Edward Tufte, in his 1983 book The Visual Display of Quantitative Information, made a case that has become a kind of commandment in data visualization circles: “Above all else show the data.” The principle is simple, almost tautological. A figure exists to make data visible. If it obscures, decorates, or distracts, it has failed at its only job.

Tufte is the canonical reference here, but a more interesting one might be W.E.B. Du Bois, who in 1900 created sixty-three hand-drawn data visualizations for the Paris Exposition. His charts depicted the economic and social conditions of Black Americans, and they were gorgeous: spiraling color wheels, stacked area charts with hand-lettered labels, bar graphs composed with the compositional care of a painting. Du Bois understood that a figure is an argument. Its visual form is part of what it means. His charts didn’t just present data about inequality; they demanded that viewers look at it, carefully, by making the looking itself a considered experience. They won a gold medal.

By that standard, most scientific figures today are failing. Not through malice or incompetence, but through inattention. The people making them are researchers, trained to design experiments, not graphics. They reach for whatever plotting software their lab uses, accept its defaults, and move on. The figure is the last thing finished before submission, assembled sometime around midnight on the day of the deadline. Nobody stops to ask whether a reader will be able to parse it.
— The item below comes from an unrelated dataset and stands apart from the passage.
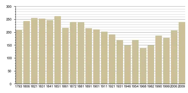 Динаміка населення (base Cassini de l'EHESS pour les nombres retenus jusque 1962[3], base Insee à partir de 1968 (population sans doubles comptes puis population municipale à partir de 2006)[4] · [5] ):

I understand this. I know about deadlines and the triage of priorities. When you’re trying to get a manuscript through peer review, the prose matters, the statistics matter, the figures are whatever the code produced. Reviewers rarely comment on visual quality unless something is egregiously misleading. The incentive structure rewards publishable data, not communicable data. These are different things, and the distance between them is where public understanding of science goes to quietly erode.

My friend Sarah teaches introductory biology at a university in the Midwest. A few years ago she started an experiment of her own: she assigned Tufte’s book as required reading before students could begin their research posters.

Most students had never thought about a figure as something you design. A figure was something you generated. You ran the analysis, the software produced a chart, you put the chart on the poster. Design implied intention, and there had been no intention at any point in the process.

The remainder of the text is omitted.